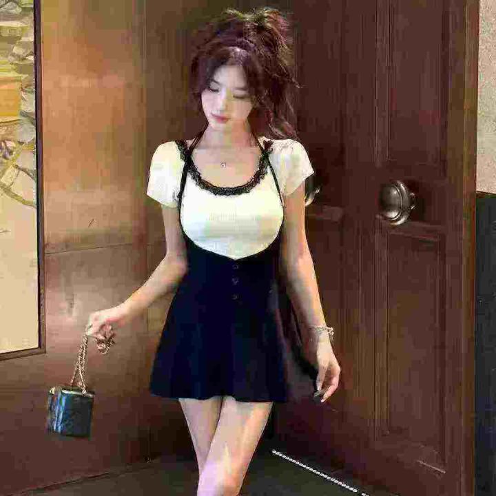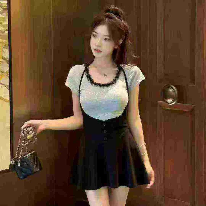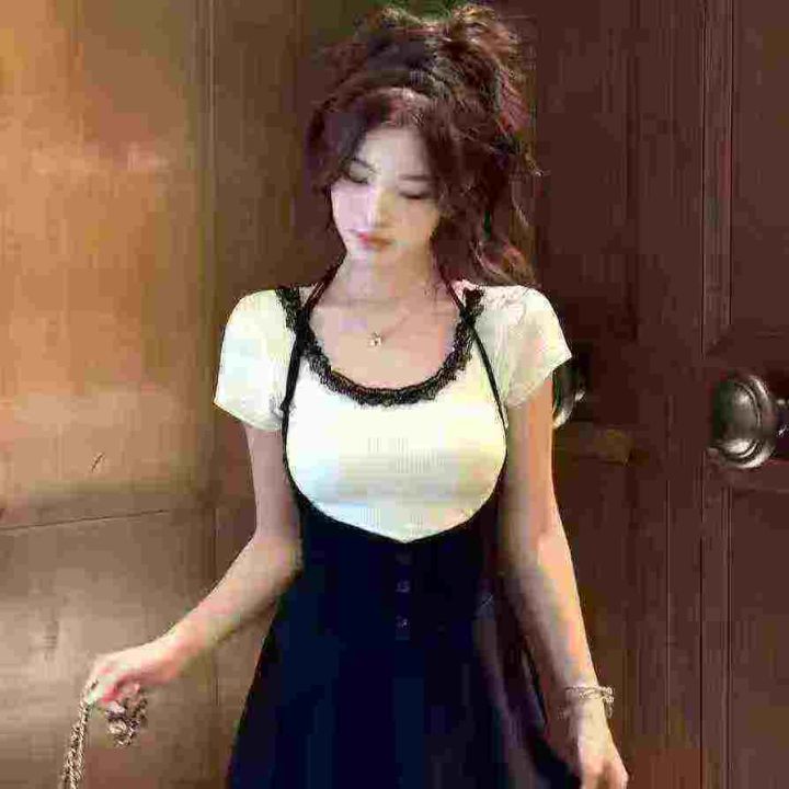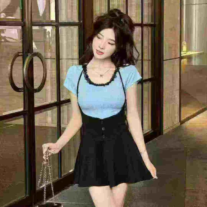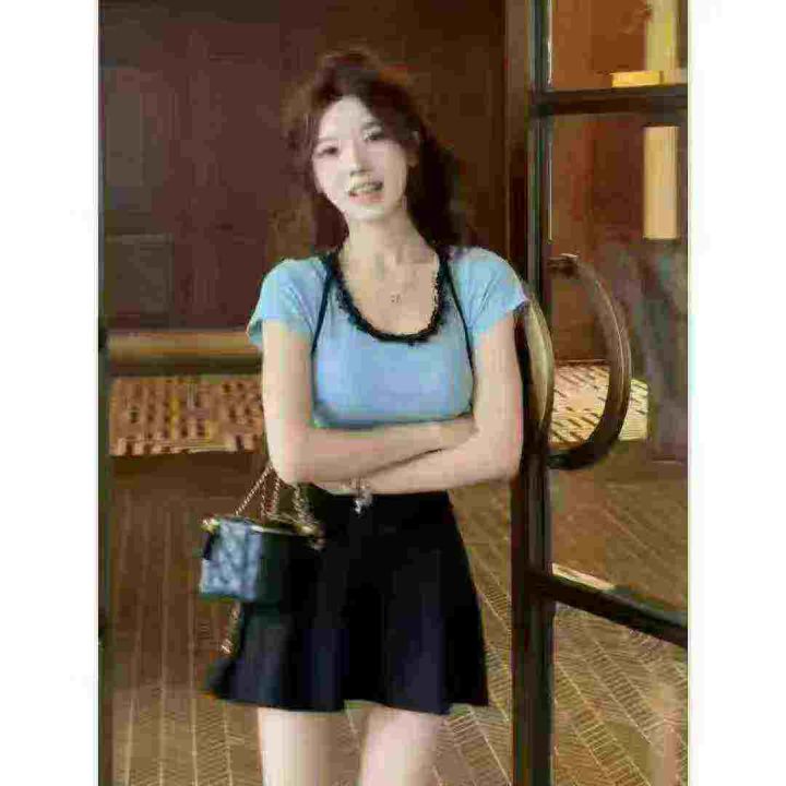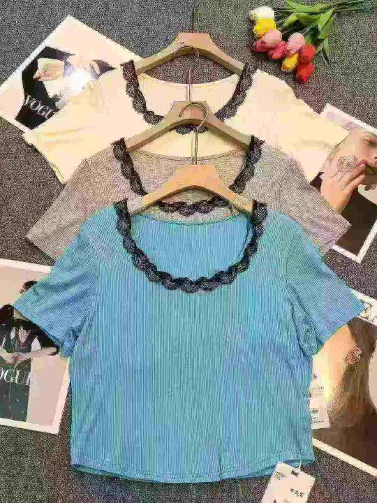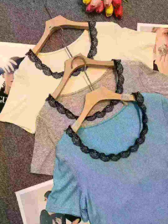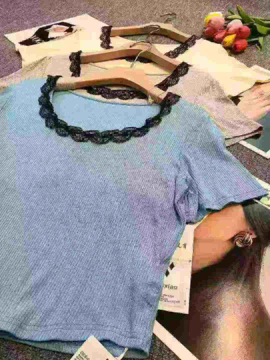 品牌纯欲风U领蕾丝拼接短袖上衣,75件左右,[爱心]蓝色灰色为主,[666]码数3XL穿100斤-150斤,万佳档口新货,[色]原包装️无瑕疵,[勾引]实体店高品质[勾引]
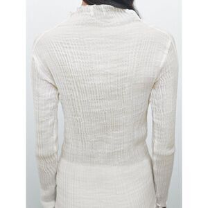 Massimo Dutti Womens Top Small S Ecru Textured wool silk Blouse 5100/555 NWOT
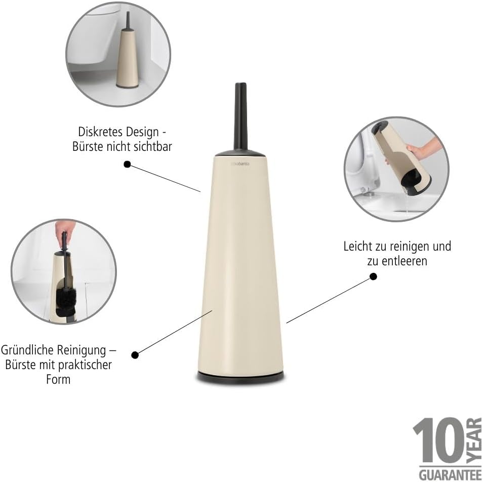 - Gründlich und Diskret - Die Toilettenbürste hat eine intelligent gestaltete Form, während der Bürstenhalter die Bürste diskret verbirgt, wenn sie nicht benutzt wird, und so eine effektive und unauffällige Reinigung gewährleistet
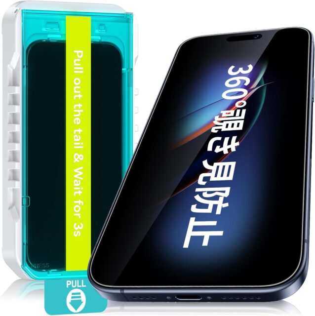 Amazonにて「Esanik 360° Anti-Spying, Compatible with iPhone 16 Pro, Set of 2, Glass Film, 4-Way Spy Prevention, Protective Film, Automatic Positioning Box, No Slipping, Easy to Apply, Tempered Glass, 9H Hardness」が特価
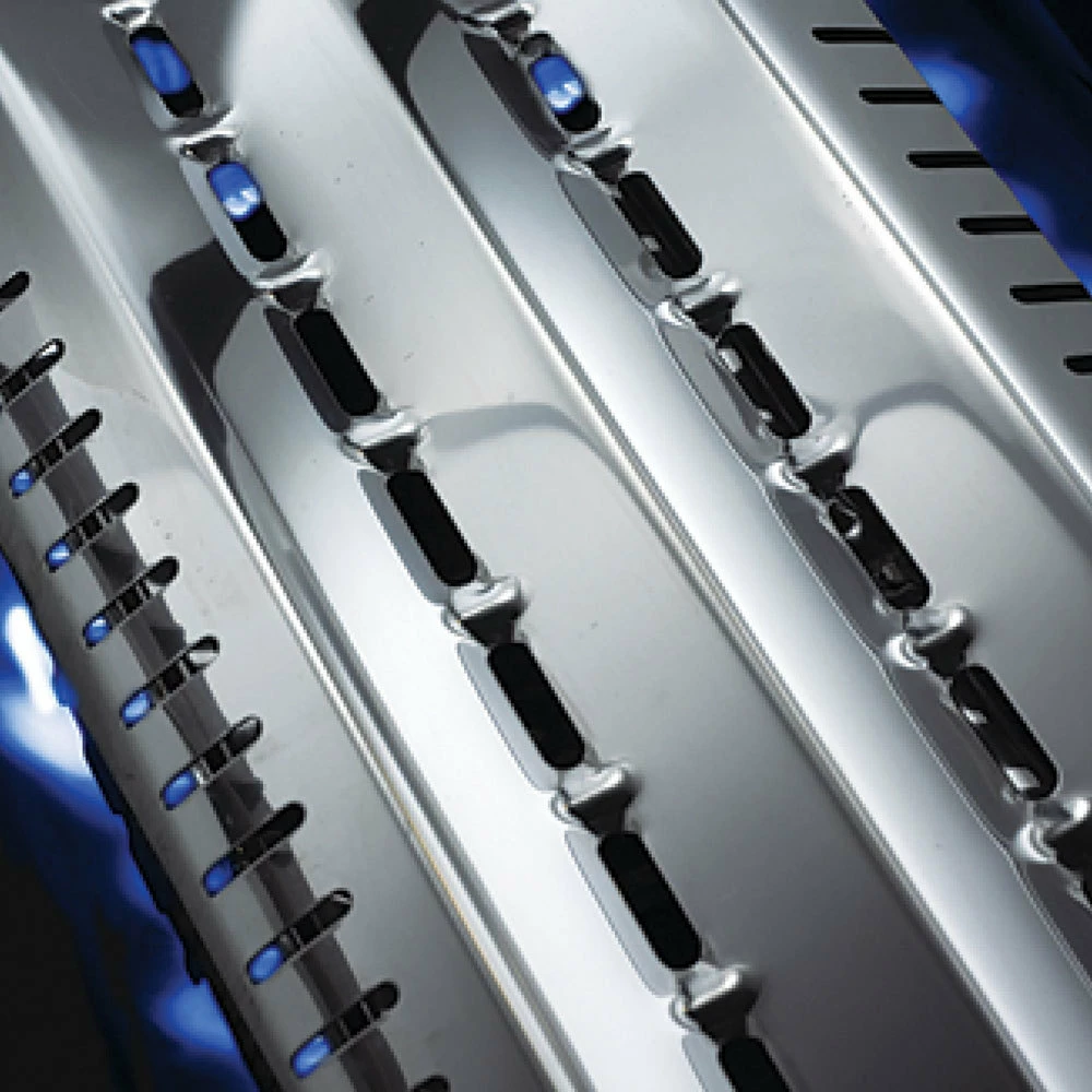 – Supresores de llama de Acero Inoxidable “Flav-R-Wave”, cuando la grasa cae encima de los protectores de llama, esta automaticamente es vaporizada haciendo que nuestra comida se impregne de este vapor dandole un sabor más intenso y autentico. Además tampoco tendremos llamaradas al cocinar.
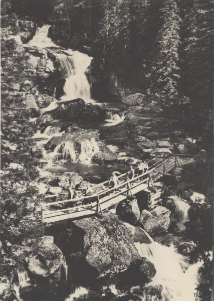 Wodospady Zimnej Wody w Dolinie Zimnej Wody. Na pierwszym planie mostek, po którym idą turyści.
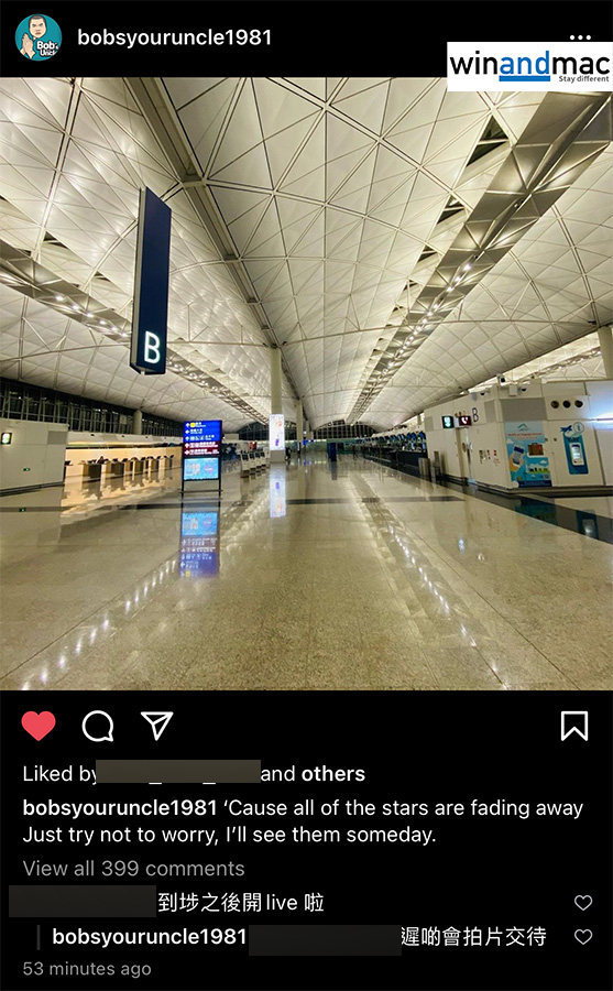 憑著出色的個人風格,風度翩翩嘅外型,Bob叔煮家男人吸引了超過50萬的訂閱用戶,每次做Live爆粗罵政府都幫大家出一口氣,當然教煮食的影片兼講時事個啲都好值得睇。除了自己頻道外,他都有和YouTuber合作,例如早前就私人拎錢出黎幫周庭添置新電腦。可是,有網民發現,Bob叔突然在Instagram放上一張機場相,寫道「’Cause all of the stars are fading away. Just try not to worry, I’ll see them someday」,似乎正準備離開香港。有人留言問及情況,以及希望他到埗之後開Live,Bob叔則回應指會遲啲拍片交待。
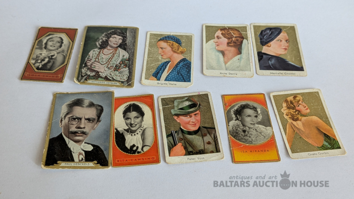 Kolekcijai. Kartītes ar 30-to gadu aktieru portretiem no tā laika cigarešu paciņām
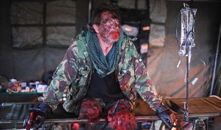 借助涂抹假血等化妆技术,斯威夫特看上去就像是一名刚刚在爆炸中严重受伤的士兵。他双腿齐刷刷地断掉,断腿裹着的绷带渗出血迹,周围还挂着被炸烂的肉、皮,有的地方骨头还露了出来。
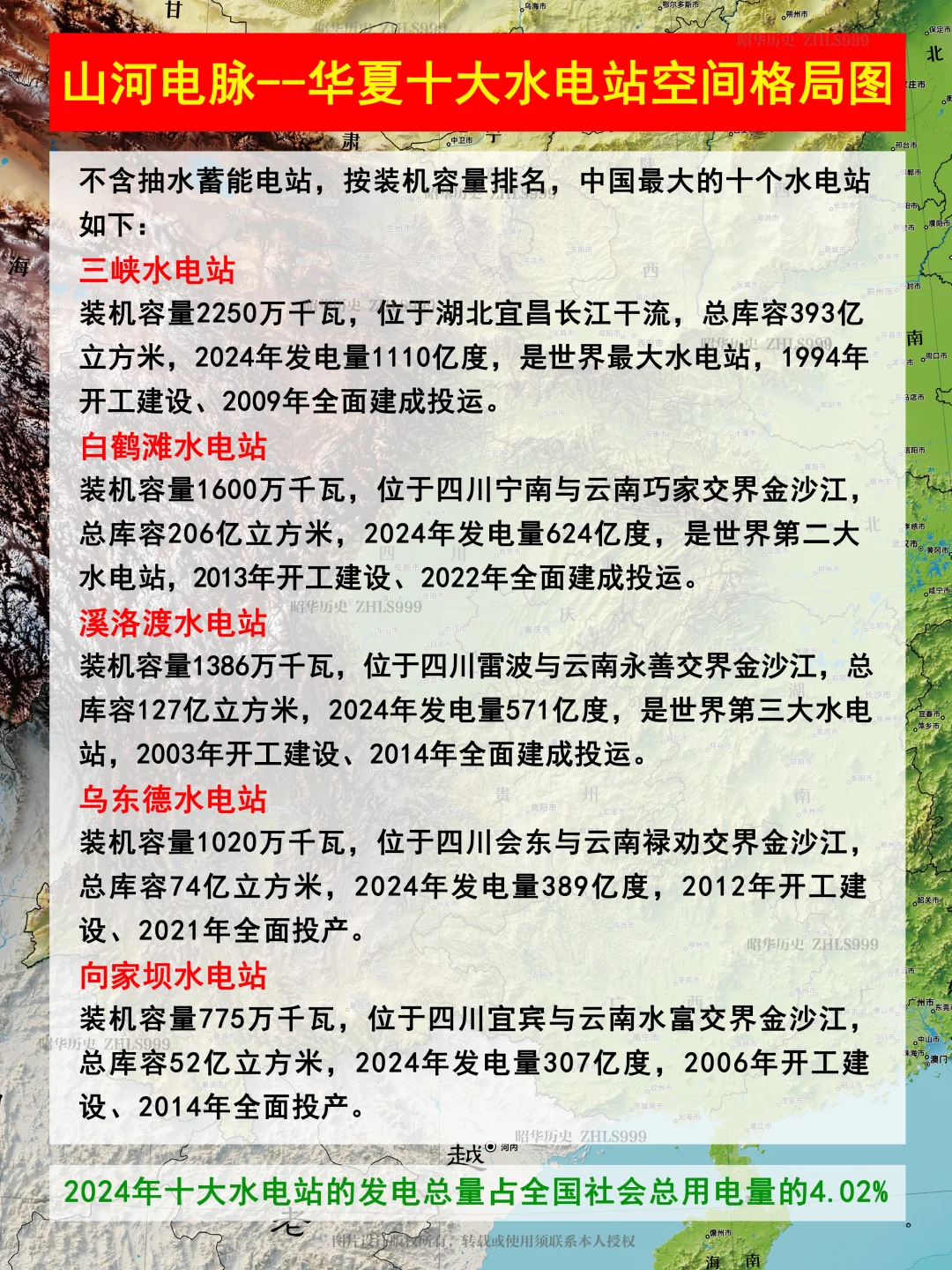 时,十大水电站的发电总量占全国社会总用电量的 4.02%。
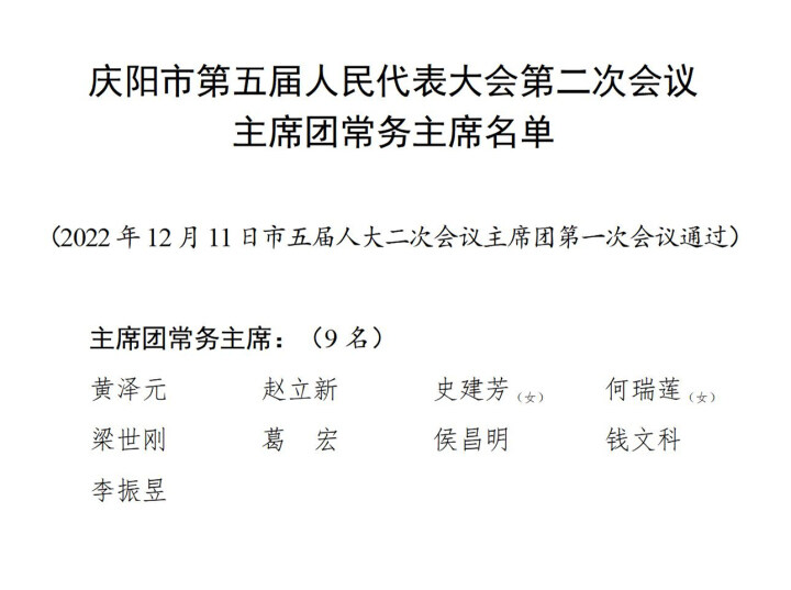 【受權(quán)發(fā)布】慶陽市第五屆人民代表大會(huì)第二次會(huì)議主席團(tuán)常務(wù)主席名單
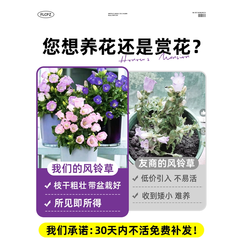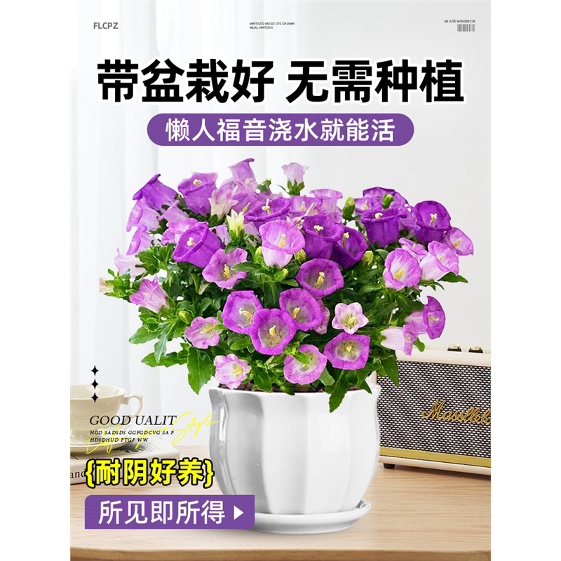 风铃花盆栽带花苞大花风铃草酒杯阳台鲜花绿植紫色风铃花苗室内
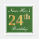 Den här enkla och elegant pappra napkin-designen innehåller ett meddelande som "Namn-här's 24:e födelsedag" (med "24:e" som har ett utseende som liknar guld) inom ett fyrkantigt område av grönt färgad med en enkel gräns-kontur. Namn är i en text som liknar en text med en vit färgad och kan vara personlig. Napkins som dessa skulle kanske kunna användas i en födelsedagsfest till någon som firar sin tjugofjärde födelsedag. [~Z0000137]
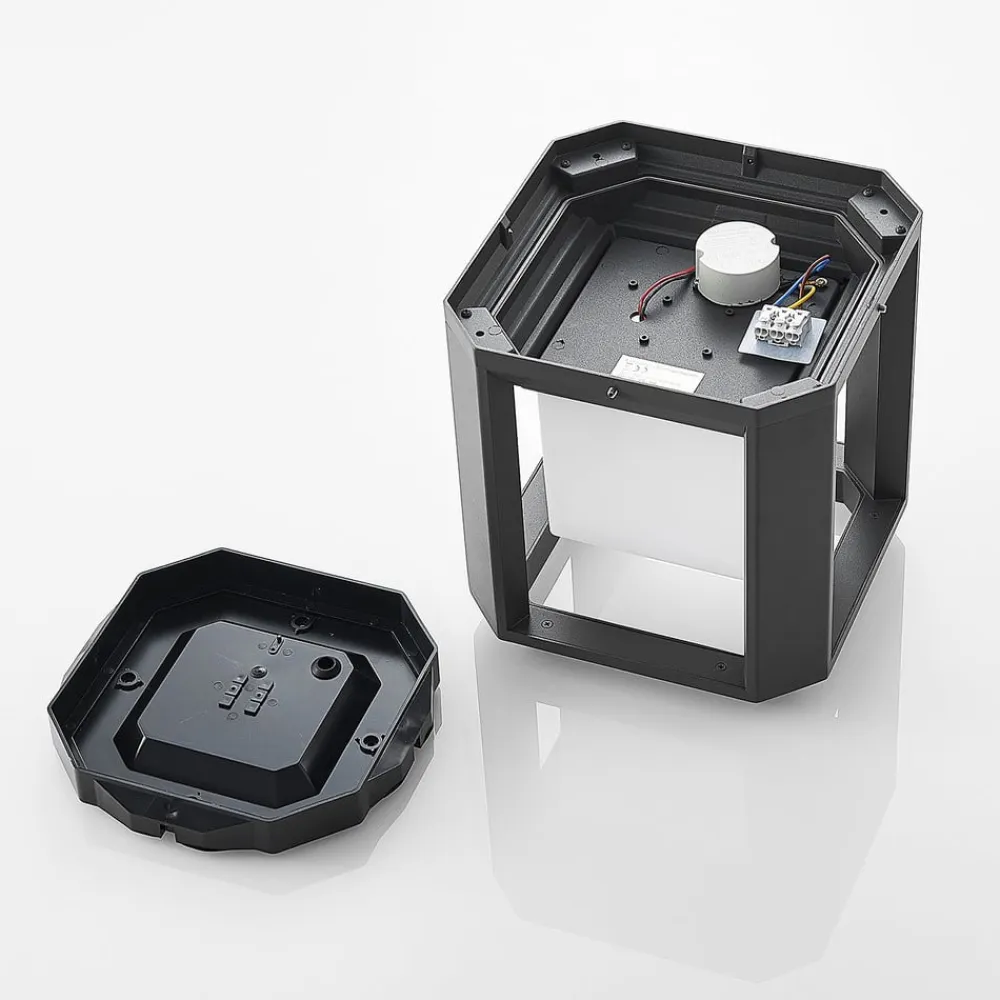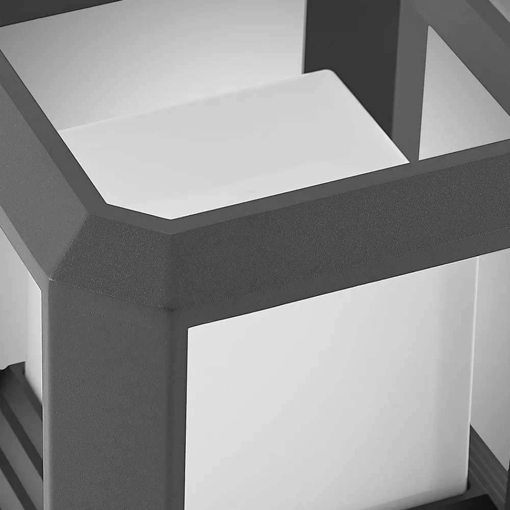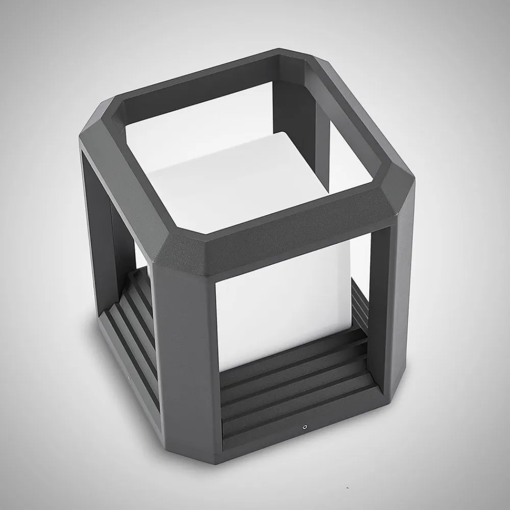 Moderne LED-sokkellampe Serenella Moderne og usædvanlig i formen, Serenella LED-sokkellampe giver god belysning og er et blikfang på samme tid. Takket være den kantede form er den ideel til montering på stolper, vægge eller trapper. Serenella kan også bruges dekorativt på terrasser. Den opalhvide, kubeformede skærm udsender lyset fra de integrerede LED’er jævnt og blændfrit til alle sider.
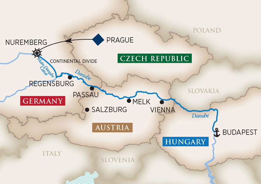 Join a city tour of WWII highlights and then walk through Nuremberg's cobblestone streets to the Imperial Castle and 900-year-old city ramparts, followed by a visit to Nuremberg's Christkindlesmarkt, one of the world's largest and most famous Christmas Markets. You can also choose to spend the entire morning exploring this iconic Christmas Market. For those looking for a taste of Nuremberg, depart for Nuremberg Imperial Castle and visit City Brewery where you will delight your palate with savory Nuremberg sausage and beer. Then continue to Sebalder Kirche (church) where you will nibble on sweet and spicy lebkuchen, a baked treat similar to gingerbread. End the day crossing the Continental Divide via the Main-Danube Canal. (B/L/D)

* **Assignment**: Print, with pictures removed, exactly the lines of the records above from the top through the line containing "Wodospady Zimnej Wody".

* **Solution**:
 品牌纯欲风U领蕾丝拼接短袖上衣,75件左右,[爱心]蓝色灰色为主,[666]码数3XL穿100斤-150斤,万佳档口新货,[色]原包装️无瑕疵,[勾引]实体店高品质[勾引]
 Massimo Dutti Womens Top Small S Ecru Textured wool silk Blouse 5100/555 NWOT
 - Gründlich und Diskret - Die Toilettenbürste hat eine intelligent gestaltete Form, während der Bürstenhalter die Bürste diskret verbirgt, wenn sie nicht benutzt wird, und so eine effektive und unauffällige Reinigung gewährleistet
 Amazonにて「Esanik 360° Anti-Spying, Compatible with iPhone 16 Pro, Set of 2, Glass Film, 4-Way Spy Prevention, Protective Film, Automatic Positioning Box, No Slipping, Easy to Apply, Tempered Glass, 9H Hardness」が特価
 – Supresores de llama de Acero Inoxidable “Flav-R-Wave”, cuando la grasa cae encima de los protectores de llama, esta automaticamente es vaporizada haciendo que nuestra comida se impregne de este vapor dandole un sabor más intenso y autentico. Además tampoco tendremos llamaradas al cocinar.
 Wodospady Zimnej Wody w Dolinie Zimnej Wody. Na pierwszym planie mostek, po którym idą turyści.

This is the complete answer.